I agree that it is not helpful to 'medicalise' or 'pathologise' such feelings. However, I do think it can be enormously liberating when we realise that we do have choices and that we can choose the way that we represent external events to ourselves inside our own minds.

I began my work as a therapist working with people who had experienced years of imprisonment and physical and psychological torture... and it fascinated me to discover the many different ways that people chose to represent these events - over which they had no or very little control - to themselves inside their own minds. I saw that it is possible for people to unlearn unhelpful thinking-styles that may be holding them back from truly experiencing 'now' and learn new helpful styles of thinking and making meaning out of even the most challenging events. I certainly learned such a lot that helped me in my own life as well as in my work with others.

I agree that helping people to access resources and past learnings and carry them into the future can be very effective. I do also think that the 'now' has the meaning that we choose to assign to it. Aren't we saying the same thing?
Comment by Wendy Parker on March 19, 2009 at 5:10pm
Wow! what an article, what a bunch of codswallop!
It appears as though the government is afraid the people will turn against them.
Describing people's natural depression over losing their jobs as a "mental illness," wow! way to plant a label.
If you're down about losing your job, you must be mentally ill...nice...
They're going to be "training 3,600 more therapists and hundreds more specialist nurses, psychotherapy centres will be established in every primary care trust by the end of next year."
I wonder if they'll also be handing out cake? Why don't they retrain 3,600 of the people that are being laid-off, to be counselors? That should at least put a dent in the problem.
I cannot believe the ignorance of some people.
I am sorry to get on my box Sophie, I agree that it is wonderful that people are now focusing more on themselves, it's easier to do when you have nothing else, I have found.

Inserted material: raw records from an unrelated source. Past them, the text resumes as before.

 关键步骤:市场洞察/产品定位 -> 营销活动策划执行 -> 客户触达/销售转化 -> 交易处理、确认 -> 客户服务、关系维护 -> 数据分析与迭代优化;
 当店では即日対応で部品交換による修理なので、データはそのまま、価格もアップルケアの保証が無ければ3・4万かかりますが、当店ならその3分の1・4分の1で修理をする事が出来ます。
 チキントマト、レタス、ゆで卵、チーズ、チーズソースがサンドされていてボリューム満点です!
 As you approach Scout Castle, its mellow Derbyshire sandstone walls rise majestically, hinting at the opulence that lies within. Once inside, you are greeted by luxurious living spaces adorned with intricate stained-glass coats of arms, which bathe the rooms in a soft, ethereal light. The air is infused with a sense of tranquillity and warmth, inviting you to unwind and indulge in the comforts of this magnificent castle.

"We don't need reasons to be happy. Instead we need to acquire the skills to look afresh at ourselves and the world, live in the now without worrying about the past or the future and value what we already have. So how can we best help people to do this? This is what I think we should be asking ourselevs right now."

Oh Sophie, It's hard not to worry about the future, even when things are going well, if you don't know if you'll be able to feed your children tomorrow, how can you not worry about that. I think there is a huge difference between someone who is having to downsize and someone who is rapidly losing everything.

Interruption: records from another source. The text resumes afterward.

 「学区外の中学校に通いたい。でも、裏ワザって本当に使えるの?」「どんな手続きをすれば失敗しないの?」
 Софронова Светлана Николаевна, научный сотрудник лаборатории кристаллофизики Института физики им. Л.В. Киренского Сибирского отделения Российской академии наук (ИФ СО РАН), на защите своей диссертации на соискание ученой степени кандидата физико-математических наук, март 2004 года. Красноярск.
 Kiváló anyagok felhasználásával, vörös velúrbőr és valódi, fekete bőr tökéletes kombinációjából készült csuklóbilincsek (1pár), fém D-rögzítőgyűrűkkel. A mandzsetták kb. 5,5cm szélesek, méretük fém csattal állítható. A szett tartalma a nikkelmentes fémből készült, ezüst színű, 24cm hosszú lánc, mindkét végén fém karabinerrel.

Living in the 'now' can be a pretty poopie place to be. I would swing them to the past where they overcame some huge difficulty and let them remember how that felt, the courage, the strength and perseverance. That is what they bring to this challenge and then I will have them picture the future, how good they feel to have overcome and thrived, how proud of their accomplishments. they're not going 'down' they're not stagnant, they are moving ever forward, meeting the challenges like a warrior, on their path to their amazing future!

If that doesn't work, I'll take them out for a stiff drink:-)
Comment by John Cleesattel on March 19, 2009 at 5:37am
I don't think so, that is traditionally the role of the government so they can impose more control on us.